Britain loses one of its most influential and best-loved gardeners
It is with great sadness that we announce the death of Beth Chatto OBE VMH, the acclaimed gardener, writer and plantswoman.
Beth Chatto was born on 27 June 1923 in Good Easter, Essex. She attended Colchester Girls’ High School and trained to be a teacher at Hockerill College, Bishop’s Stortford from 1940 to 1943.
In the early 1940s, she met fruit farmer, Andrew Chatto. Their shared love of plants brought them together and they married in 1943. They lived in Braiswick, Colchester, where their two daughters, Diana and Mary, were born in 1946 and 1948. Andrew died in 1999.
In the early 1950s, a close neighbour, Mrs Pamela Underwood, who ran a nursery, encouraged her to become involved with flower arranging. They both became founder members of the Colchester Flower Club, the second flower club in Britain.
Around the same time, the Chattos met Sir Cedric Morris, whose art school at Benton End, Nr Hadleigh, Suffolk, attracted later to be famous names such as Francis Bacon and Lucien Freud. She learned about plants from Morris but was dismayed when he advised her that to create a great garden she would have to move.

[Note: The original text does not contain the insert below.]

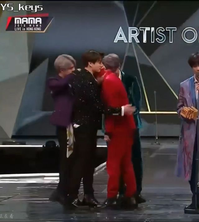 表演结束,防弹不负众望获奖了,大家上台演讲,第一个是号锡,可是永远是气氛担当的号锡说两句居然哭了,搞的身后朴智旻也跟这流泪,然后发言的是,智旻,泰亨,玧其到了大哥金硕珍发言说出了这一年过得很不容易,我们都想着要不要解散。

By the late 1950s, she persuaded her husband to build a house on part of his fruit farm at Elmstead Market. The site, with its slope from dry gravelly soil to a boggy, stream-fed ditch gave her the combination of conditions on which to create what has become one of the most famous and loved gardens in the world.
In 1967, she opened a small nursery called ‘Unusual Plants’. Although she claimed never to have coined the phrase ‘right plant, right place’, this was always the abiding tenet of her planting philosophy. The gardens and nursery soon became a place of pilgrimage for keen gardeners.
In early 1975, she was persuaded to enter a small selection of plants at a Royal Horticultural Society show in London, dug up from the garden. Unknown to her at the time, one of the judges wanted to have her exhibit disqualified as he felt her native plants rather than cultivars were no more than ‘weeds’. The other judges disagreed and she was awarded an RHS Flora Silver Medal.
Her first exhibit at the RHS’s Chelsea Flower Show in 1976 won a Flora Silver Gilt medal, but the following year came the first of ten successive Chelsea Gold Medals. Her stand was unique at the time with its display of plants for dry and damp areas as they would be seen growing in contrast to the traditional Chelsea displays with plants shown in visible black pots.
Beth at Chelsea Flower Show in 1979 with one of her 10 Gold Medals
In 1978, she wrote her first book, The Dry Garden, and in 1982 The Damp Garden. These were followed by Plant Portraits (1985), Beth Chatto’s Notebook (1988), and The Green Tapestry (1989). In 1998, she collaborated with her close friend, Christopher Lloyd in Dear Friend and Gardener. This was followed by Beth Chatto’s Gravel Garden (2000), and Beth Chatto’s Woodland Garden (2002). The Gravel Garden, on the site of the old car park, was to become her most famous achievement displaying plants carefully chosen to cope with ultra-dry conditions which have never been watered other than by light Essex rainfall.
Among the many awards bestowed on her, she was enormously proud to receive in the same year, 1987, the RHS’s highest honour, the Victoria Medal of Honour as well as their Lawrence Medal for the best display at Chelsea. She was given two honorary doctorates, one from Essex University in 1988, and from Anglia Ruskin University in 2009. Among many other awards, she received a Lifetime Achievement Award from the Garden Writers’ Guild (now the Garden Media Guild) in 1998, the Order of the British Empire medal (OBE) in 2002, and The John Brookes Lifetime Achievement Award by the Society of Garden Designers in 2009.
The garden and nursery continue to thrive under the direction of Beth’s granddaughter, Julia Boulton. The Beth Chatto Education Trust was established in 2015 to promote her beliefs and give practical advice to future generations of young gardeners.
Julia Boulton, Beth Chatto’s granddaughter and Managing Director of the Beth Chatto Gardens said:
“Beth lived here on site which meant rarely a day went by without her popping into the Gardens, even when she was well into her nineties.
“She was a natural communicator, always keen to talk to visitors, sharing her love of plants and ideas, and of course with the many professional gardeners and colleagues who sought her guidance.
“The Gardens are her legacy, as are her books and other writings, which have had a tremendous influence right around the world and continue to do so.
“Beth’s way of planting and her concern for the environment have been widely adopted. It’s easy to forget how original these ideas were when she first put started putting them into practice here at Elmstead Market nearly 60 years ago.
“The fantastic gardening team Beth assembled will continue to implement her philosophies, and above all share her passion for plants with the many thousands of visitors who come each year to the Beth Chatto Gardens to admire and learn from her life’s work.”
“We are delighted that The Beth Chatto Education Trust will also preserve her legacy, by promoting her ideas and giving practical advice to future generations of gardeners.”